Оторопело смотрю на Нику. Похоже, рехнулась барышня, вот так, ни рожи ни кожи, а изволь к её ножам по десять домов сразу положить…
– А этот тебе чем не нравится?
– Чем-чем, крыло перебито, не видишь, что ли?
– И чего? Слушай, ну чего прицепилась к крылу-то, не крыши же нет?
– Слушай, ты серьезно чуднодурый, или притворяешься?
Здесь не говорят дурной, говорят – чуднодурый.
Хлопает дверью.
Уходит.
Остаюсь наедине с домом, со своим домом, с белыми лестницами и камином в большом зале…
Дома вспархивают, делают хороший круг, снова опускаются на холмы.
Аплодисменты.
Хлопаю вместе со всеми.
– Здорово полетели, – кивает Авдей.
Отвечаю:
– Здорово.
Добавляю чуть погодя:
– Свой дом выпустить так не смогу… не полетит.

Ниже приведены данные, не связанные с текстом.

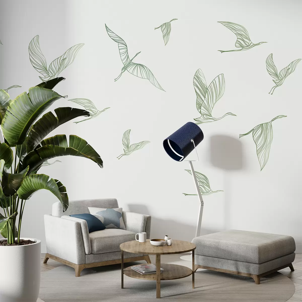 Fototapeedid Lendavad linnud line art, minimalism, loodus, rohelised värvid Nr w00758v2
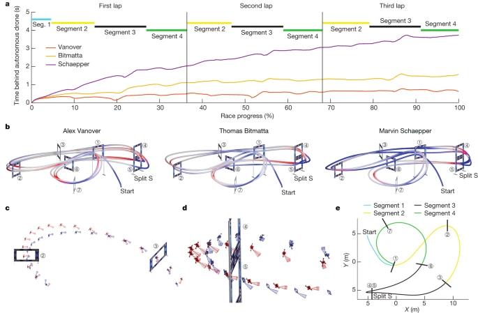 下图 1a 是这次比赛的赛道,Swift 不仅赢得了与人类冠军的比赛,还创造了最快的比赛纪录。这项工作是移动机器人和机器智能领域的一个里程碑。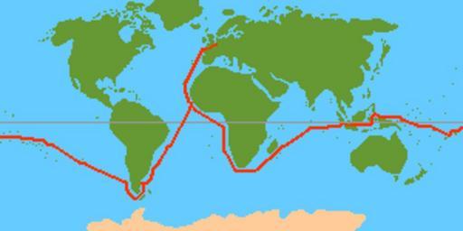 Keywords: Roggeveens journey.PNG journey of Jakob Roggeveen 1721 - 1723 own work route from various biografis 2007-05-05 Holger Behr Maps indicating exploration Netherlands in the 1720s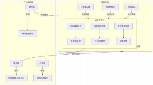 依据现有的教育信息资源[12] ,得出运动数据量化后可以提高运动表现和运动效果。可穿戴设备使训练负荷误差率降至<5%[13] 。所以利用人工智能,AI 算法,高校应当构建“体育教 育数据平台 ”,实时检测学生体育锻炼数据[14]。例如步道乐跑中通过采集心率、运动动作 轨迹、步频等生物力学数据,更好的进行风险预警,AI 可自动识别运动姿态错误(摆臂姿 势不对、膝盖内扣),推动纠错视频给学生端口,并以锻炼数据情况生成针对性的运动处方, (如肥胖学生减脂方案)。具体内容如图 3 所示。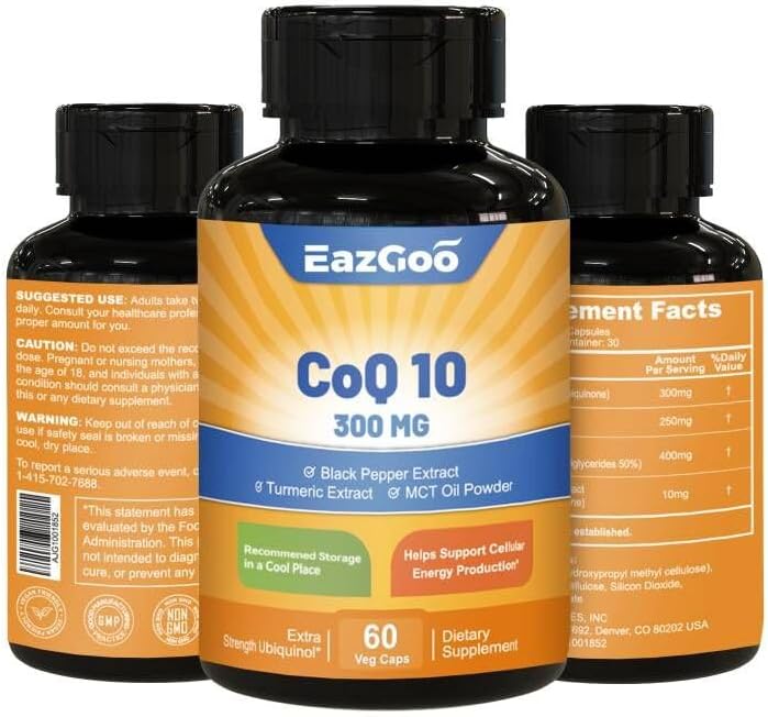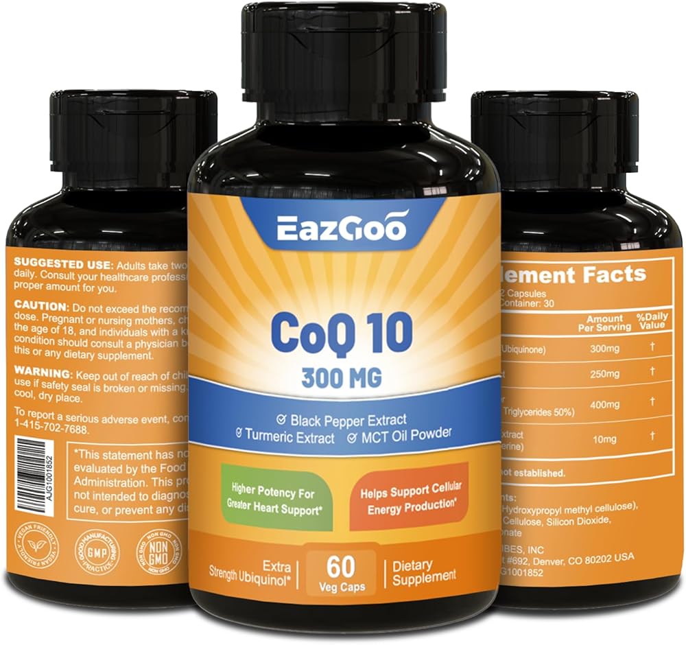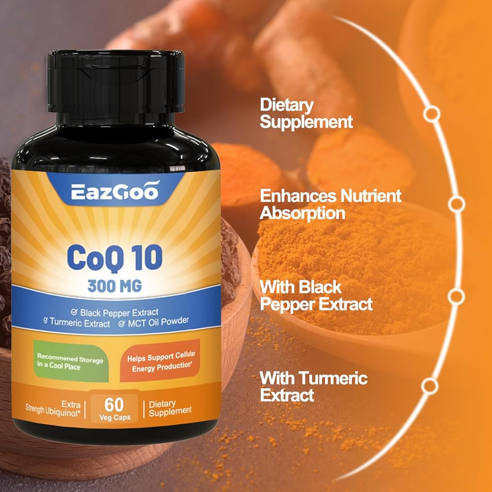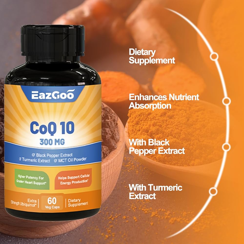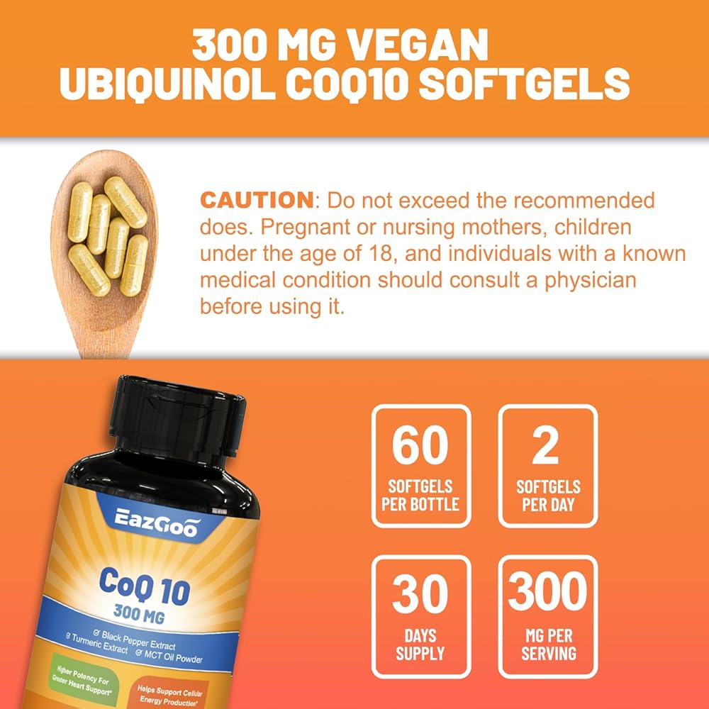 كبسولات هلامية 300 ملغ من CoQ10: يوفر مكمل Eazgoo Coenzyme Q10 300 ملغ لكل كبسولة لمدة 30 يومًا، ويساعد قلبك وجسمك على الحصول على مستويات Co Q10 الطبيعية التي ستستنفد بشكل طبيعي مع تقدم العمر.

– Еще бы он полетел… Ты давай себе нормальный дом-то присматривай… с крыльями. Осень-то уже вовсю.
Пытаюсь отшутиться:
– На юг, что ли, зимой в домах полетим?
– Чего зимой, уже сейчас лететь надо… вон, на крыло встанут… и вперед…
– А… а мой дом?
– Чего твой дом, раньше башкой своей думать надо было, когда покупал! Дом ему… не, понятно, по молодости-то охота дом свой… вот теперь и останешься… бесприютным… счас знаешь как цены на дома подскочат, мало не покажется…
– Нет, а с домом-то что станет?
– Что, что… страшное заберет…
– А что, у вас тут каждый год по осени…
Хочу сказать – страшное, не договариваю.
Снег.
Еще не настоящий снег, еще такой, меленький, который только-только пробует свои силы. Но все-таки снег.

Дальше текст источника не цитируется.